Get Amazon Prime if you don't already have it. I have found that they beat the prices of local places on diapers, which you can subscribe
One more thing: some of this advice is for you (changing pad, stroller) and some is for the baby (sling carrier, white noise.) I'm sure you can figure this out for yourself, but, just for the record, you don't know what your baby likes yet. Once she arrives, she will let you know, if you're paying attention and open to suggestions from your boss. And I mean she will let you know what she likes starting at Hour One. (Even Minute One, if you count the tiny litle wail that means "Damn, it's cold and loud and bright out here! This sucks!") Some babies like to ride in their sling carriers facing in; other babies insist on facing out so they can see more stuff. Your Munchkin May Vary.
Tiger Mom has gotten a kick out of this thread.
She also agrees, women and baby showers will take care of the soft stuff. Your job is the hard stuff (furniture and minivan).
An aside from me: I've watched several deliveries now.
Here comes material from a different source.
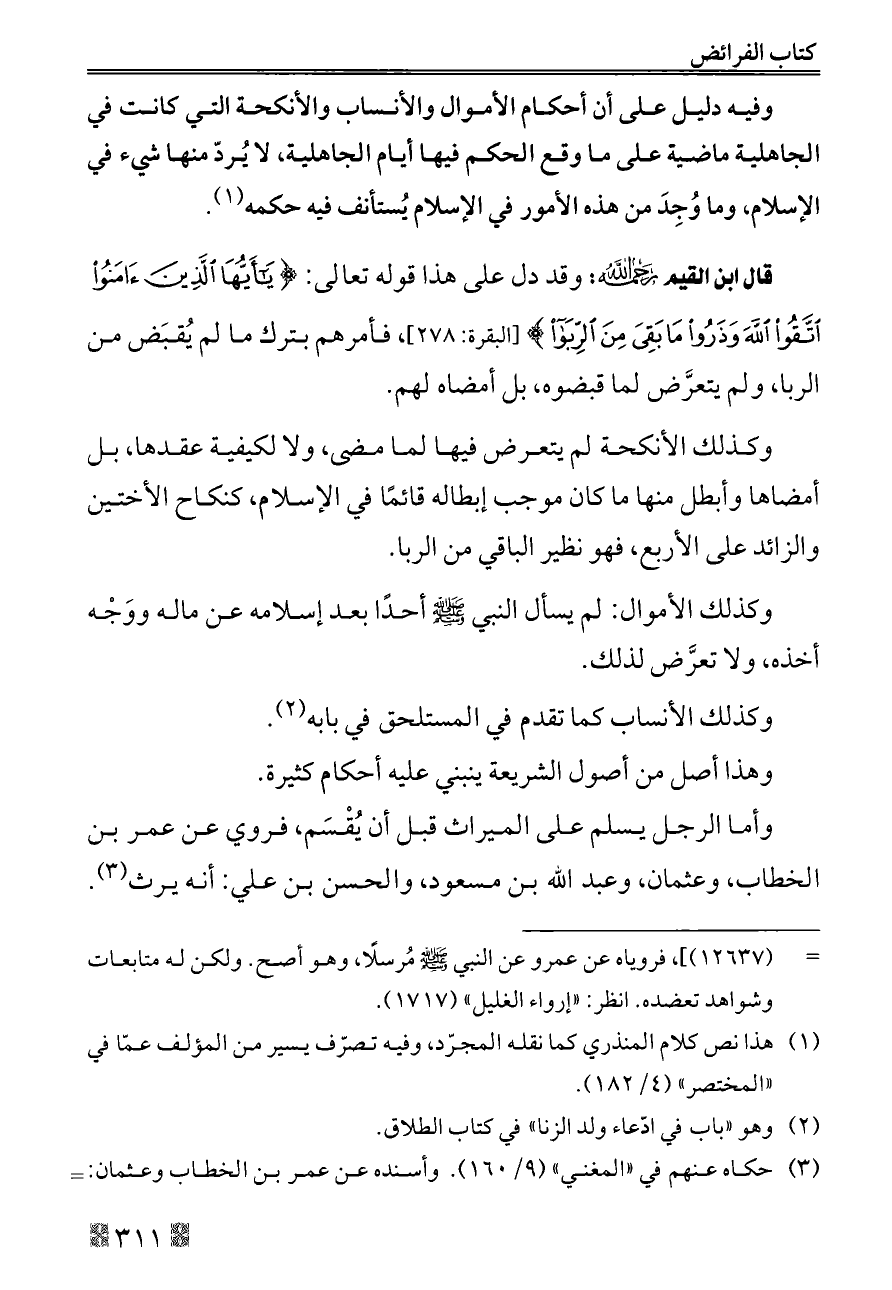 قال ابن القيم - رحمه الله -: وقد دل على هذا قوله تعالى: {يَاأَيُّهَا الَّذِينَ آمَنُوا اتَّقُوا اللَّهَ وَذَرُوا مَا بَقِيَ مِنَ الرِّبَا} [البقرة: ٢٧٨]، فأمرهم بترك ما لم يُقبَض من الربا، ولم يتعرَّض لما قبضوه، بل أمضاه لهم.

When it's your spouse squeezing one out it's different. Focus on her head, stay close to her head, hold her hand. Do not look down. If you do you'll be tempted to share your "observations" later and she will not appreciate that.
Eyes up, hold hand, be positive and supportive.
I just had my third. As far as stuff goes, I'm a big fan of the basics:
Crib Car seat Stroller (we have the kind where the car seat clicks into it) Backpack (someone else said it, but don't bother with special purpose baby bag. A $15 backpack we bought has served us VERY well through three kids back to back to back) I like having a changing table.
That's about it for what you need.
I have two (and only two, although rather broad) pieces of baby advice:
Don't buy new: the baby doesn't care and you'll only use whatever it is you're getting for a little while. Buying new is burning money.
Just do it. Whatever it is. Change the diaper. Clean up the spit up. Wash the clothes. Hold the baby. Whatever. Don't fight it, don't put it off, don't ask the wife to do it (she'll do it all plenty on her own). It'll make the whole experience a lot more pleasant if you don't fight it (I've know many a man to do so). Doesn't mean that you'll love getting up a 3 am to change a poopy diaper, but just accept it for what it is and move on.
And congratulations! Like all things worth doing, having a kid can be challenging, but I love it!